Larry came to the FAA from Boeing, where he worked 17 years on various programs in the commercial transport aircraft division. This included support to 737, 757, 767 and 777 aircraft in various stages of development, production, and service. Larry was also principal investigator for a large NASA-funded research program to develop composite design and manufacturing concepts for a wide-body transport fuselage in the 1990s. He has authored/co-authored more than 90 technical publications. He served as co-chairman for Composite Materials Handbook 17, CMH-17, since joining the FAA. He was the only member of the United States Department of Transportation to win a Presidential Rank Award in 2013. In 2019, he received the AIAA Crichlow Prize, which included an invitation to give the Structures, Structural Dynamics, and Materials (SDM) Lecture, which was a basis for the UCSD seminar to be given.
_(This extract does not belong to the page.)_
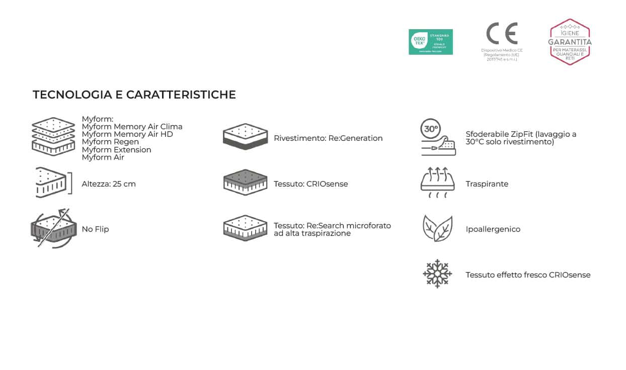 Il vero benessere nasce dal sonno. ReGeneration è il materasso evoluto progettato per rigenerare corpo e mente attraverso un’esperienza di comfort superiore e di qualità del riposo senza compromessi. Ogni componente è studiato per ristabilire l’equilibrio psicofisico, favorendo notti profonde, continue, rigeneranti. La combinazione di Myform Memory Air Clima, Myform Memory Air HD e Myform Regen crea un comfort adattivo multistrato che si calibra istantaneamente sulla morfologia del corpo, riducendo microtensioni e favorendo un rilassamento neuromuscolare profondo. Il risultato è un sonno più continuo, con meno risvegli notturni, e una qualità del riposo che si percepisce a ogni risveglio. Myform Extension e Myform Air aggiungono elasticità dinamica e ventilazione attiva, garantendo un supporto preciso e leggero a ogni movimento notturno. Il rivestimento in tessuto CRIOsense, con struttura tridimensionale e tecnologia termica attiva, amplifica la freschezza percepita e mantiene un microclima ideale, contribuendo a una sensazione di comfort prolungato, indipendentemente dalle condizioni esterne. Perché un sonno più profondo e continuo si traduce, ogni giorno, in maggiore energia, lucidità mentale e benessere generale. ReGeneration è molto più di un materasso: è un sistema avanzato di rigenerazione personale, per chi considera il sonno il fondamento della propria salute e qualità di vita.

This presentation summarizes existing practices for composite aircraft certification, with an emphasis on structural aspects, and discusses the limitations and lessons learned from today’s “traditional” composite structures. It describes procedures that can be used to certify advanced materials and processes which may have increased levels of variability, unfamiliar structural performance, nonclassical (e.g., nonlocal) behavior, and randomized properties. Provided such complexity can be reliably controlled by maintaining repeatable materials and processes in fabricating and assembling parts, both design and production certification can be achieved. The related technological advances from real applications that meet safety, form, fit and functional requirements, while achieving product value, will yield the practical experience, knowledge, and capable workforce necessary for future applications.